» **Provided material**
:::

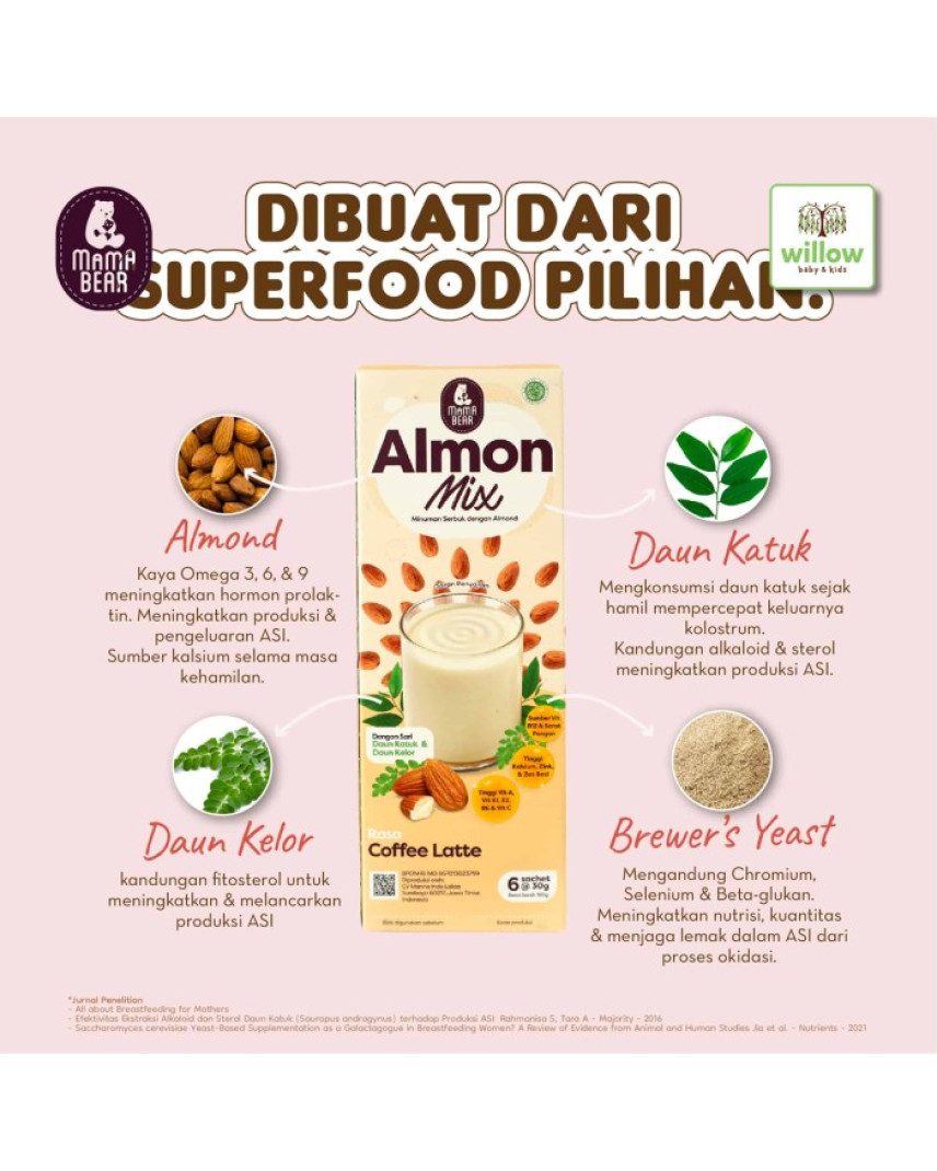 Almon Mix adalah terobosan produk minuman serbuk dengan almond yang kaya zat besi dan serangkaian vitamin. Dikombinasi dengan daun katuk sebagai bahan herbal terbaik untuk ibu menyusui, Almon Mix mengandung bahan- bahan alami yang memperkaya kualitas & jumlah ASI.
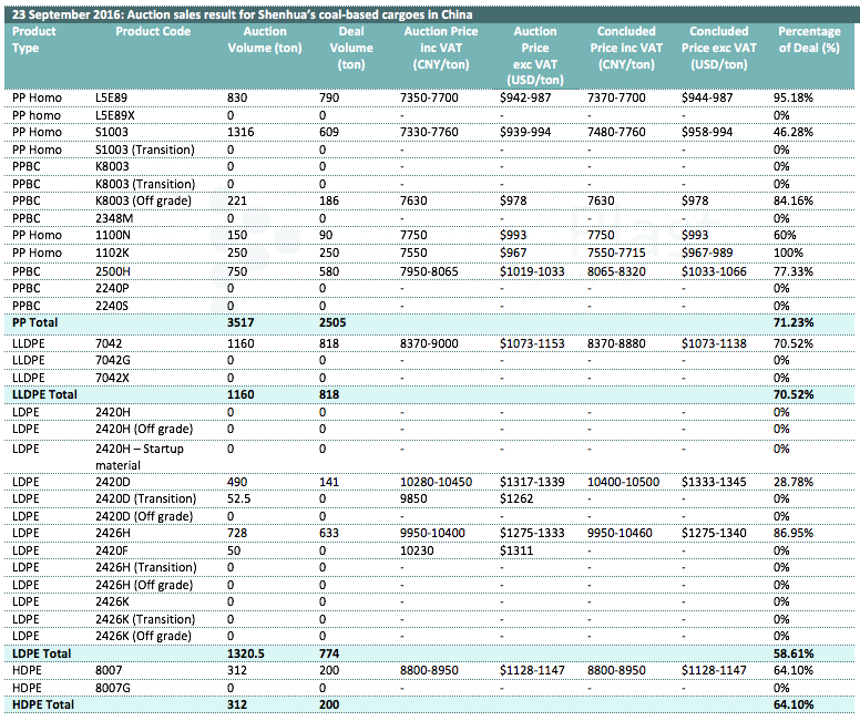 23 September 2016: Auction sales result for Shenhua's coal-based cargoes in China
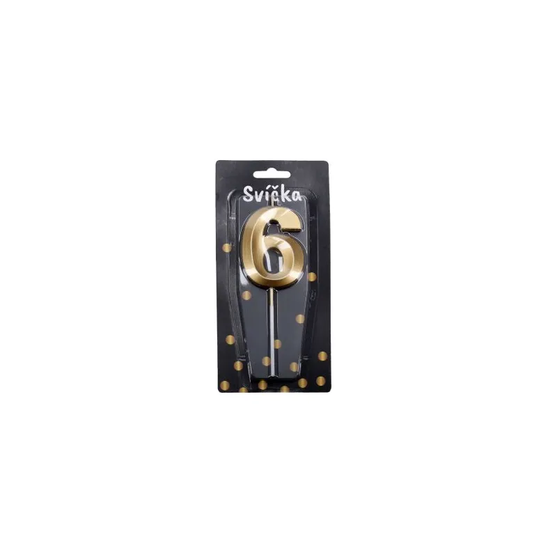 Narodeninová sviečka zlatej farby číslo ,, 6 ", bude dokonalou ozdobou slávnostnej torty.
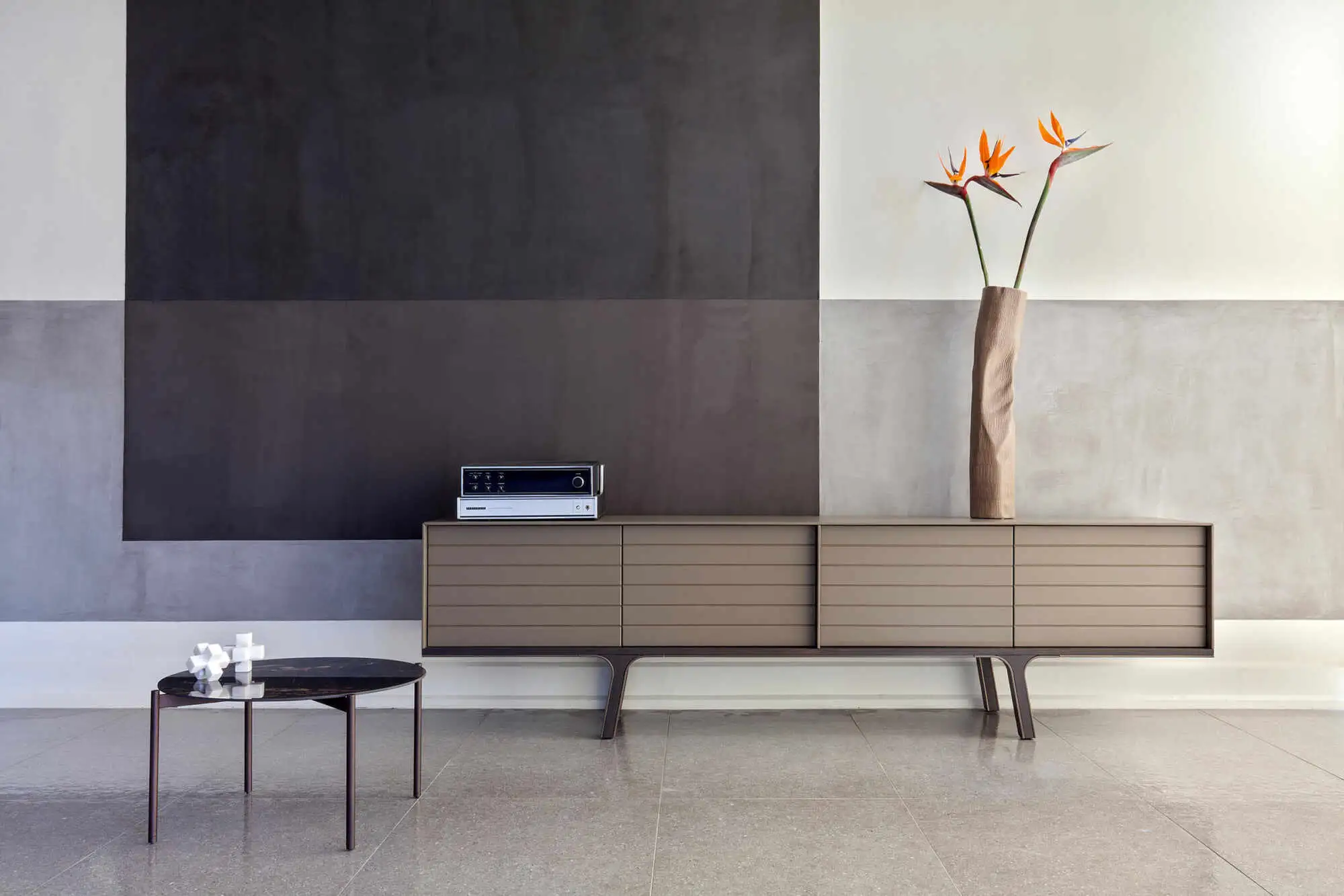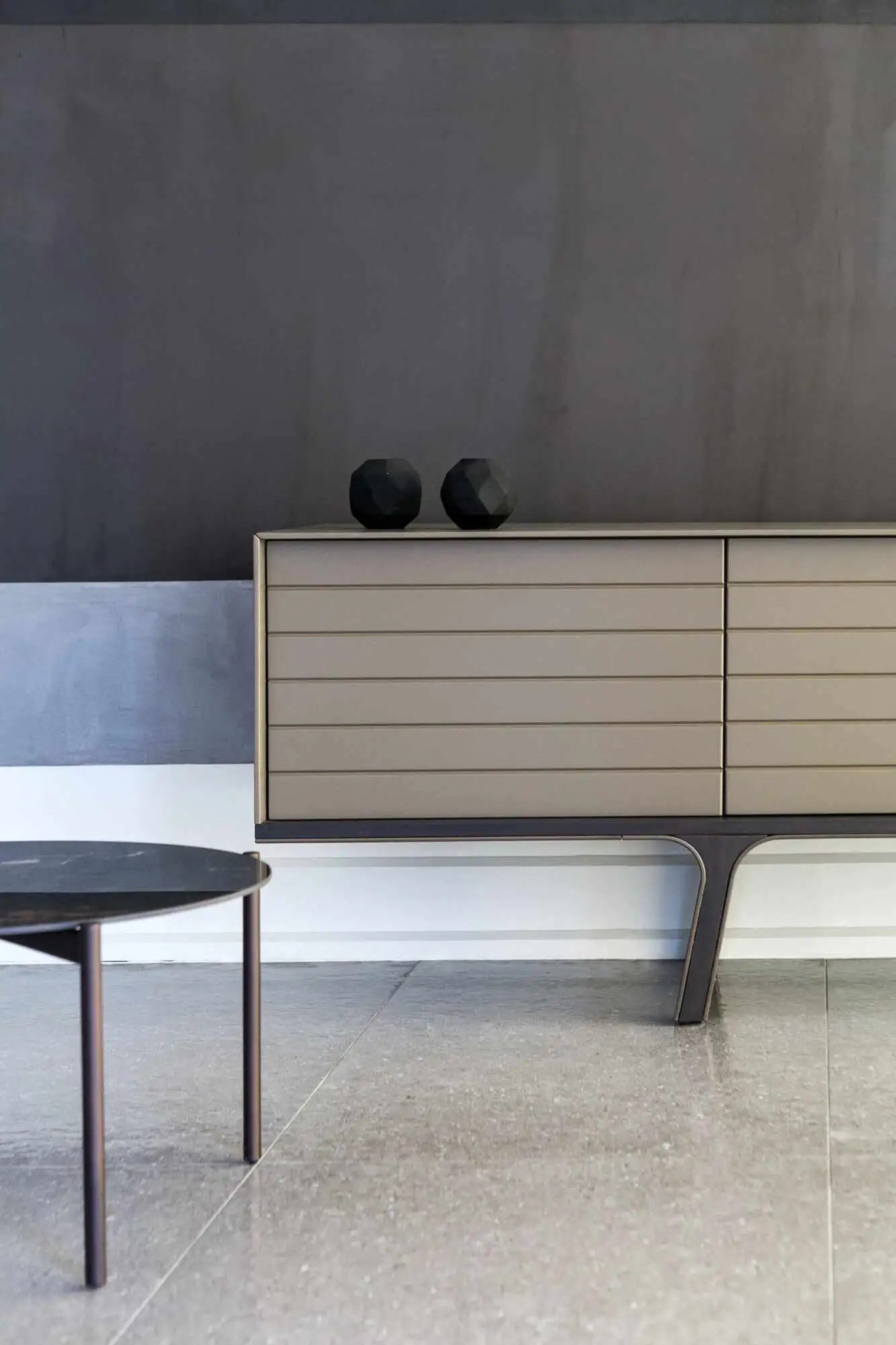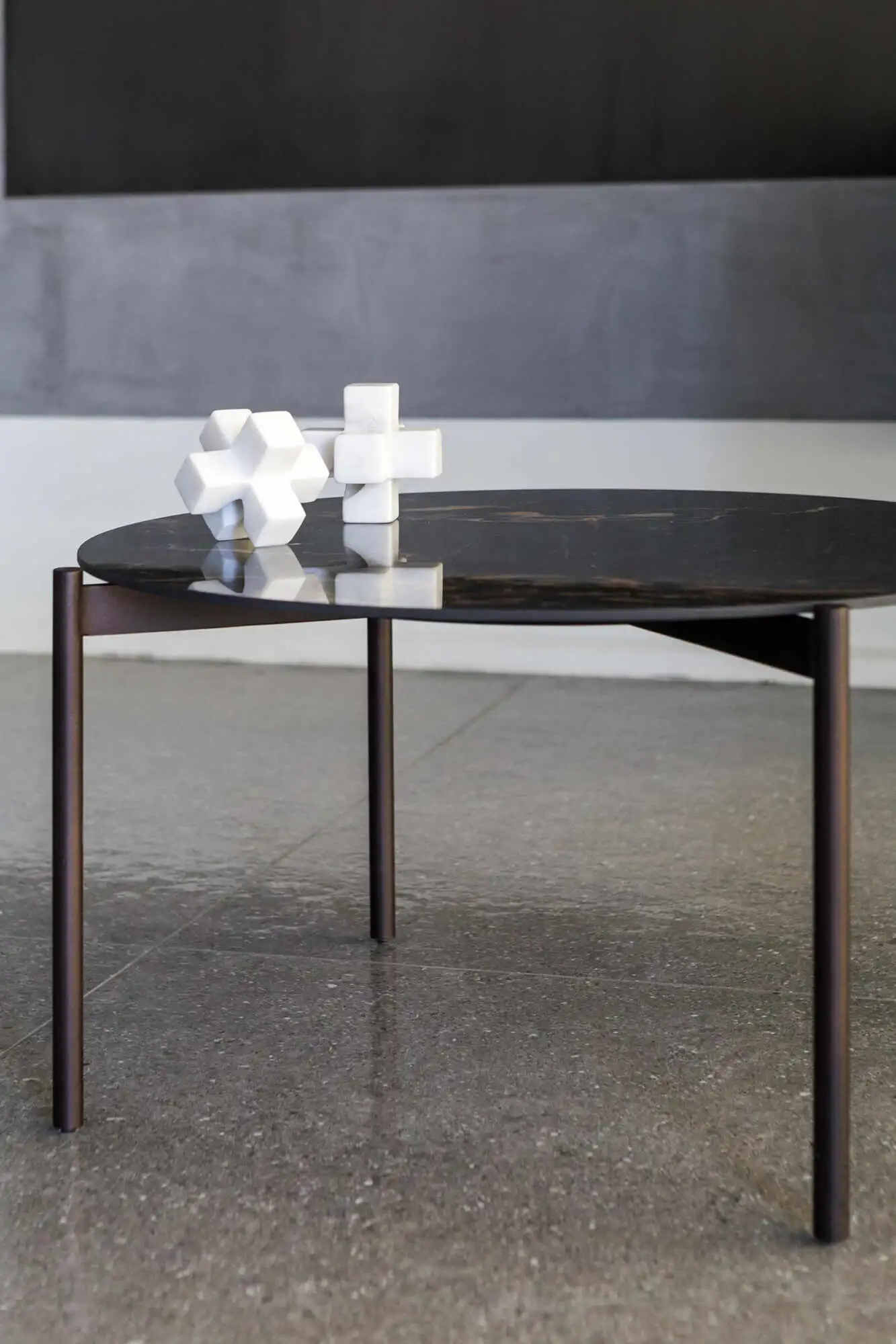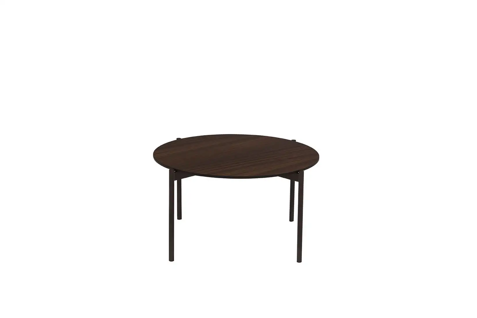Low table in various sizes with circular top and metal base in lacquer or epoxy powder.

:::

» **What needs to be done**
What is needed is an exact retyping of the lines from the start of the data through the line with "23 September 2016: Auction", with both end lines kept and every picture left out.

» **Exercise response**
 Almon Mix adalah terobosan produk minuman serbuk dengan almond yang kaya zat besi dan serangkaian vitamin. Dikombinasi dengan daun katuk sebagai bahan herbal terbaik untuk ibu menyusui, Almon Mix mengandung bahan- bahan alami yang memperkaya kualitas & jumlah ASI.
 23 September 2016: Auction sales result for Shenhua's coal-based cargoes in China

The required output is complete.